Additional evaluation results
Given the above pre-trained models, we present some additional evaluation results following the rank-based evaluation protocol proposed [here](https://openaccess.thecvf.com/content_CVPR_2019/papers/Otani_Rethinking_the_Evaluation_of_Video_Summaries_CVPR_2019_paper), and the diversity measure described [here](https://ieeexplore.ieee.org/document/9275314). Moreover, we provide results with regards to the trainable parameters and the required time for training. The code for implementing the rank-based evaluation protocol is available at [CA-SUM](https://github.com/e-apostolidis/CA-SUM/blob/main/inference/evaluation_metrics.py#L40), and the summary diversity was measured using the relevant code from [DSNet](https://github.com/li-plus/DSNet/blob/1804176e2e8b57846beb063667448982273fca89/src/helpers/vsumm_helper.py#L122).
Dataset |
Spearman's ρ |
Kendall's τ |
Summary Diversity |
Params (M) |
Train time (sec / epoch) |
SumMe |
- |
- |
0.631 |
9.44 |
0.63 |
TVSum |
0.206 |
0.157 |
0.488 |
9.44 |
1.17 |
Citation
If you find our work, code or pretrained models, useful in your work, please cite the following publication:
E. Apostolidis, G. Balaouras, V. Mezaris, I. Patras, "Combining Global and Local Attention with Positional Encoding for Video Summarization", Proc. IEEE Int. Symposium on Multimedia (ISM), Dec. 2021.
BibTeX:
@INPROCEEDINGS{9666088,
author = {Apostolidis, Evlampios and Balaouras, Georgios and Mezaris, Vasileios and Patras, Ioannis},
title = {Combining Global and Local Attention with Positional Encoding for Video Summarization},
booktitle = {2021 IEEE International Symposium on Multimedia (ISM)},
month = {December},
year = {2021},
pages = {226-234}
}
License
Copyright (c) 2021, Evlampios Apostolidis, Georgios Balaouras, Vasileios Mezaris, Ioannis Patras / CERTH-ITI. All rights reserved. This code is provided for academic, non-commercial use only. Redistribution and use in source and binary forms, with or without modification, are permitted for academic non-commercial use provided that the following conditions are met:
1. Redistributions of source code must retain the above copyright notice, this list of conditions and the following disclaimer.
2. Redistributions in binary form must reproduce the above copyright notice, this list of conditions and the following disclaimer in the documentation provided with the distribution.
This software is provided by the authors "as is" and any express or implied warranties, including, but not limited to, the implied warranties of merchantability and fitness for a particular purpose are disclaimed.
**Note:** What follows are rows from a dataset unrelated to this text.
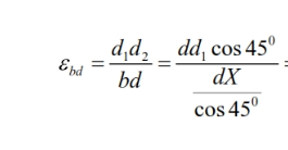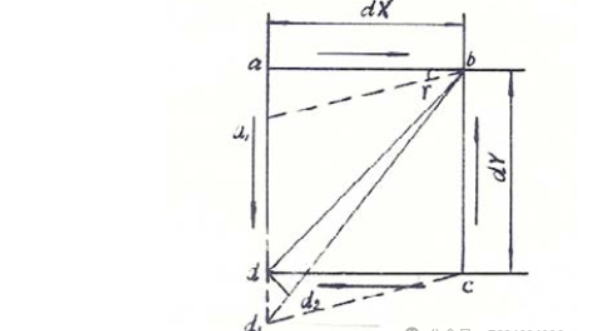 正方形单元体的边长 dX=dY,作用在单元体上的剪应力为 τ,剪应力产生的剪应变为 γ。 使单元体 abcd 变成为 a1bcd1,单元体 ab 和 cd 边变形前后的夹角为 γ,即剪应变。单元体的对线 bd 变成了 bd1,其伸长量为:d1d2=bd1 -bd 对角线 bd 的应变量为:对角线 bd 的应变量为: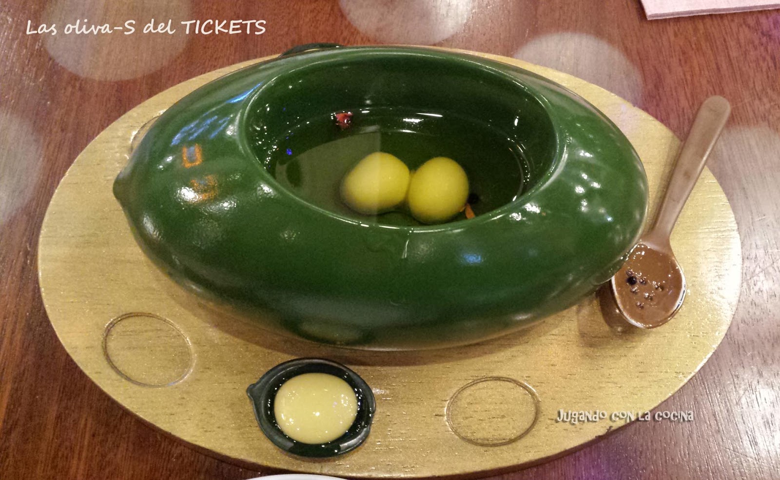 Esferificaciones en forma de aceituna flotando en un aceite especiado, que estallan en la boca liberando su jugo, una sensación que me encanta, ya las había probado en Bodega 1900 pero el sabor de estas es distinto y no sabría cual elegir, me quedo con las dos.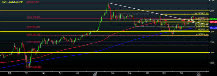 尽管市场关注的是通货再膨胀交易,但黄金价格在昨日交易中有所回落,从11月初接近1960-65美元高点的水平下跌至1900.88美元。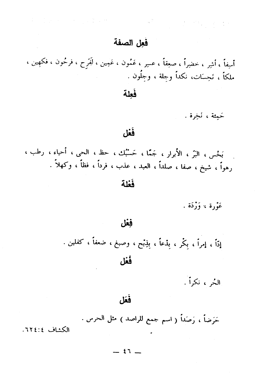 أسفًا، أشر، خضرًا، صعقًا، عسير، عمون، عمين، لفرح، فرحون، فكهين، ملكًا، نحسات، نكدًا وجلة، وجلون.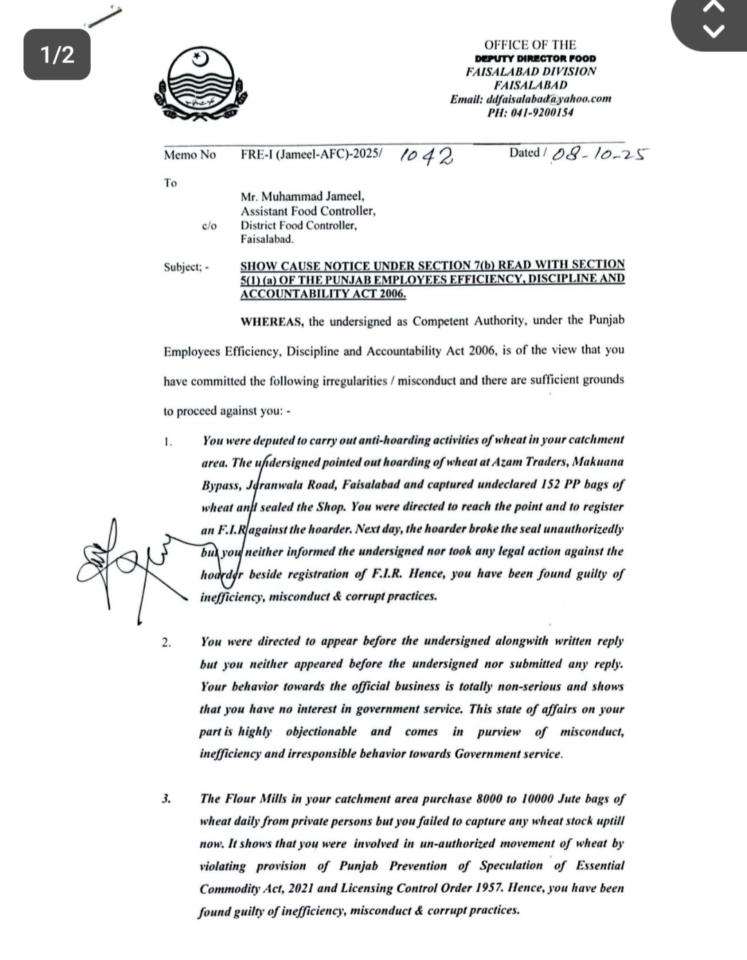 وزیر اعلیٰ پنجاب کی ہدایات پر فوڈ ڈیپارٹمنٹ پنجاب میں احتسابی عمل جاری ہے، نااہلی، کرپشن اور سرکاری دستاویزات میں خرد برد کرنے پر زیرو ٹالرینس پالیسی کے تحت 6 افسران کیخلاف کارروائیاں کرتے ہوئے 1کلرک کو نوکری سے برخاست، 1 کی تنزلی جبکہ 4 افسران کو شوکاز نوٹس جاری کیے گئے ہیں، ترجمان فوڈ ڈائریکٹوریٹ پنجاب کے مطابق سینئر کلرک احسان الحق سیالکوٹ کو پیڈا ایکٹ کے تحت کارروائی کرتے ہوئے نوکری سے برخاست کردیا

In no event shall the authors be liable for any direct, indirect, incidental, special, exemplary, or consequential damages (including, but not limited to, procurement of substitute goods or services; loss of use, data, or profits; or business interruption) however caused and on any theory of liability, whether in contract, strict liability, or tort (including negligence or otherwise) arising in any way out of the use of this software, even if advised of the possibility of such damage.
Acknowledgement
This work was supported by the EU Horizon 2020 programme under grant agreement H2020-832921 MIRROR, and by EPSRC under grant No. EP/R026424/1.
Re-implementation in ModelScope
A re-implementation of PGL-SUM also appears in ModelScope. Please note that we have not tested this re-implementation and therefore cannot confirm if it fully reproduces our original implementation.